> [Data to use]
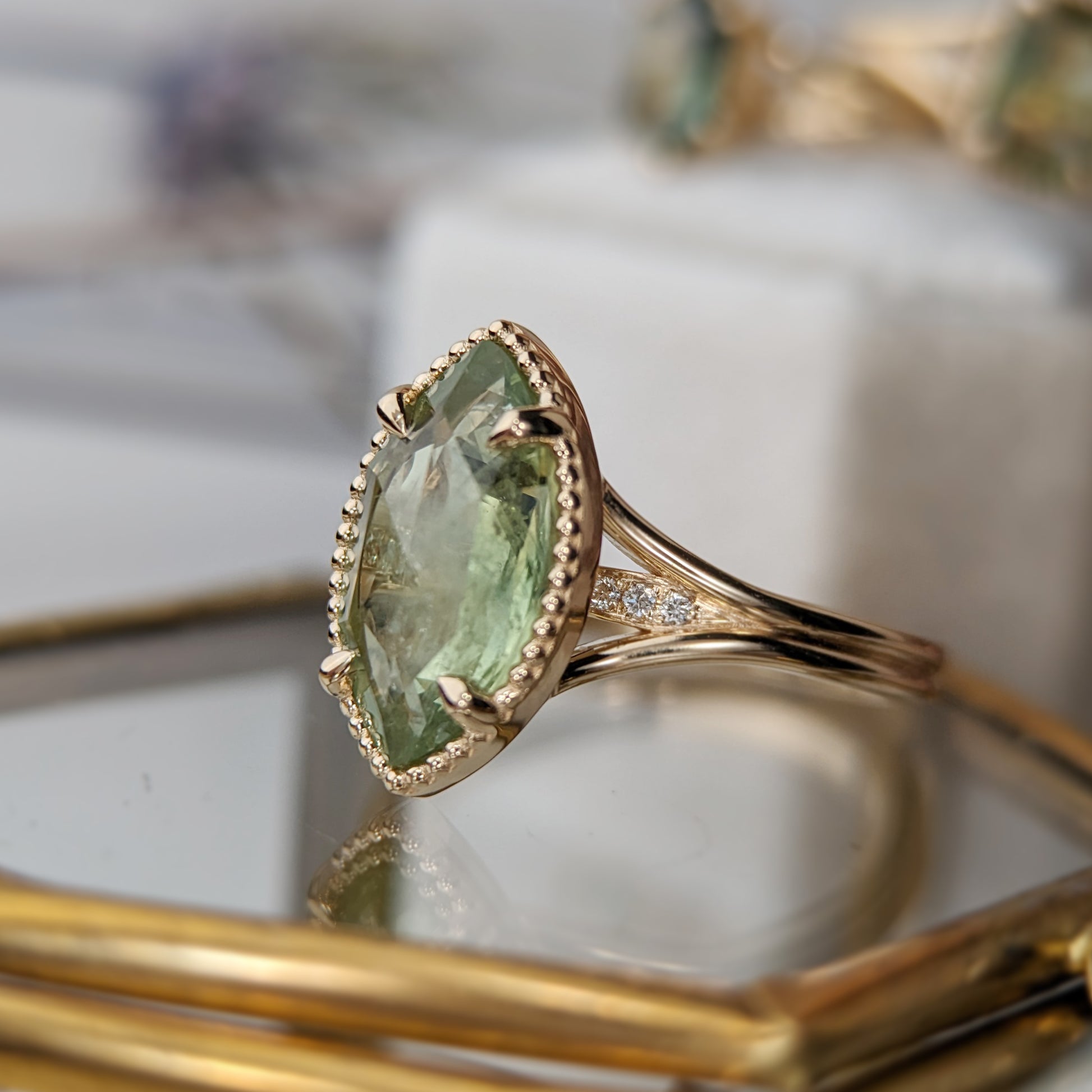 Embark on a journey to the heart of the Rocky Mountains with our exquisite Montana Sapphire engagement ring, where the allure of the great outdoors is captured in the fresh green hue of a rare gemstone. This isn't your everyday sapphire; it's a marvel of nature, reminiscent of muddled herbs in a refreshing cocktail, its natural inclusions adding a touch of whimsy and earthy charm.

* * *

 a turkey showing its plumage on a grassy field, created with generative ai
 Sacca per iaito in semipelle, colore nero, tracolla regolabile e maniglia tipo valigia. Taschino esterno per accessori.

...

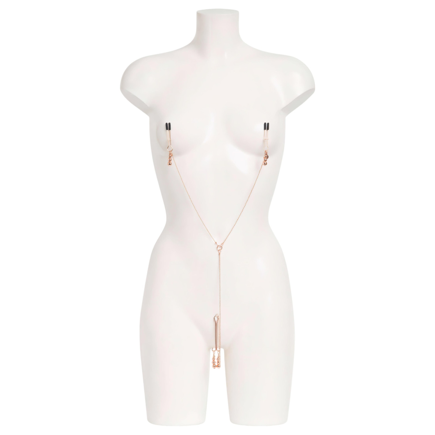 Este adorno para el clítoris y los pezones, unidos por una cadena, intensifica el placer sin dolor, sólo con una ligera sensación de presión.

> [Directions] Your task for the entries above: copy exactly the span starting with the line with "a turkey showing" and going on through the line with "Sacca per iaito", both lines included, and nothing else.

> [Problem solution]
 a turkey showing its plumage on a grassy field, created with generative ai
 Sacca per iaito in semipelle, colore nero, tracolla regolabile e maniglia tipo valigia. Taschino esterno per accessori.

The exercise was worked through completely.